What Does It Mean to Assign a Library?

In Overview of Connecting to Common Data Sources, you learned how to register libraries in metadata and assigned the libraries to SAS servers. These libraries represent data such as SAS data sets in a directory or the tables in a database schema. By assigning a library to a SAS server, you accomplish the following:
  • enable the SAS server to access the library
  • make the library visible to users of the SAS server
  • control which SAS engine is used by the SAS server to access data, if you pre-assign the library
Assigning a library to a SAS server means letting the SAS server session know that a libref—a shortcut name—is associated with the information that a SAS session needs to access a data library. SAS Intelligence Platform clients such as SAS Data Integration Studio, SAS OLAP Cube Studio, and SAS Information Map Studio generate SAS code that uses librefs. Before the generated code can access data from a library, the library must be assigned to the SAS server that executes the code. After the SAS server determines that a library is assigned to it, the next step is to determine how the SAS server should access the data in the library.

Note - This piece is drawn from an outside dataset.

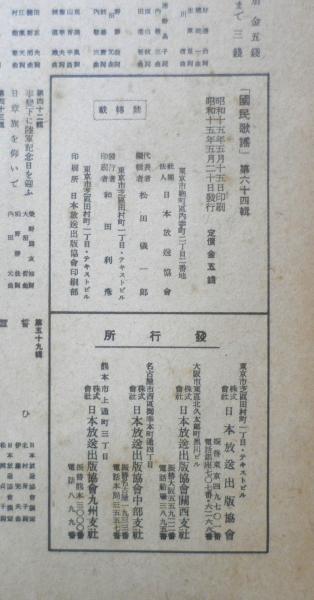 楽譜 国民歌謡 燃ゆる大空/紀元二千六百年海軍記念日の歌 第64集 昭和15年 日本放送協会 ラヂオテキスト a13

There are two ways in which a server can determine how to access data in a library. One way is for you, as the administrator, to configure the environment so that the SAS server finds out about the libref and the SAS engine to use for data access at server start-up. This approach is referred to as pre-assigning the library, because the libref is established before any code that uses that libref is submitted. The other way is to let the client application define the libref and set the SAS engine when it generates code for submission to that server.